After the calculation has finished, a page with the distribution of your query result over several major categories will be displayed. Apart from the number of hits found in the individual catergories, the distribution feature also offers information about the total number of words contained in these categories and the corresponding relative frequency of your query result. Relative frequency information makes it possible to directly compare data for different categories. This is shown in the following screenshot: lovely is found more often in the written component (3,641 vs. only 2,397 hits in the spoken component), but the relative frequencies reveal that lovely is in fact more than five times as frequent in the spoken data (232 vs. 42 instances per million words).

Clicking on the number of hits in the third column will display all the sentences contained in the relevant category.

The upper drop-down menu on the top of the page allows you to choose from a list of other categories encoded in the header of the BNC texts. For example the category "Type of author" ('Sole', 'Corporate' or 'Multiple') is not shown on the default general information page. Select the desired category and press 'Show distribution'.

The lower drop-down menu can be used to display a crosstabulation of two different categories. In this way, it is for example possible to investigate the influence of the variables 'age' and 'sex' on the use of lovely in spoken English. As the following screenshot shows, men in general use lovely less often than women (166 vs 495 instances pmw). Men between the age of 24-35 use it most frequently but the differences between the age groups are not that great (between 189 and 144 instances pmw). With the female speakers, however, a clear connection between age and the use of lovely can be drawn: women aged 65 and over show a frequency of 779 instances pmw. This is more than three times as high as the frequency for the youngest age group (250 instances pmw). Without crosstabulation of data, such a correspondence might have gone unnoticed.

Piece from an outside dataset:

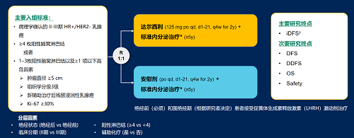 达尔西利(Dalpiciclib)是欧美精品久久久久久久免费医药自主研发的口服、选择性的小分子CDK4/6抑制剂,也是中国首个自主研发的新型高选择性 CDK4/6 抑制剂,已证实其与内分泌治疗(ET)联合用于 HR+/HER2- 晚期乳腺癌的一线和后线治疗时,均显著改善无进展生存期(PFS)6,7。因此开展了一项随机、双盲、III期临床试验(DAWNA-A),以进一步评估达尔西利联合内分泌治疗作为高危早期 HR+/HER2 - 乳腺癌辅助治疗的效果。本研究纳入高危复发风险人群需满足以下标准之一:①≥4 枚阳性腋窝淋巴结;②1–3枚阳性腋窝淋巴结且合并≥1 项高危因素(肿瘤直径 ≥5 cm,组织学分级3级,辅助治疗后残留浸润性乳腺癌,Ki-67 ≥30%)。本文呈现预先设定的首次中期分析(IA1)结果。

File frequency information

Relative frequencies are useful for comparing different categories. But they may also be misleading as some words are highly genre-specific (and some specialized vocabulary may in fact be restricted to one single text). For example, the word homoeopathic has 216 occurrences in the whole BNC, which corresponds to 2.21 instances per million words. But how equally is it distributed? This question can be answered by selecting File frequency information in the upper drop-down menu. The result is shown below:

Over 75% of all occurrences of homoeopathic are found in a single text. As the File information page reveals, this is an extract from a text entitled "Homeopathy for everyone".

Notes

A word of warning: Distribution data is often fascinating data, both because it confirms our intuitions about language use (e.g. old ladies being prone to say lovely) or sometimes also because it produces unexpected results that run counter to our perceptions of language use (e.g. the fact that the word car is more frequently said by women than by men in the spoken component of the BNC). But there is a danger of relying too much on such data - it is nothing but raw data. It is the task of the corpus linguist to describe such data, but a meaningful analysis must necessarily go beyond listing relative frequencies. For example, lovely may have different pragmatic functions in different contexts. Consider the following sentence which contains one of the 40 instances of lovely uttered by young girls:
KP3:2842 Oh, <name> oh, he's lovely, and <pause> disgusting. <unclear>.
Is this his kind of ironic use also found in utterances of women aged 65+? Information like that obviously cannot be found in frequency tabulations. Corpus linguistics almost inevitably requires 'manual' work in order to get at meaningful interpretations. BNCweb reduces some of the necessary manual work, but it can't replace it.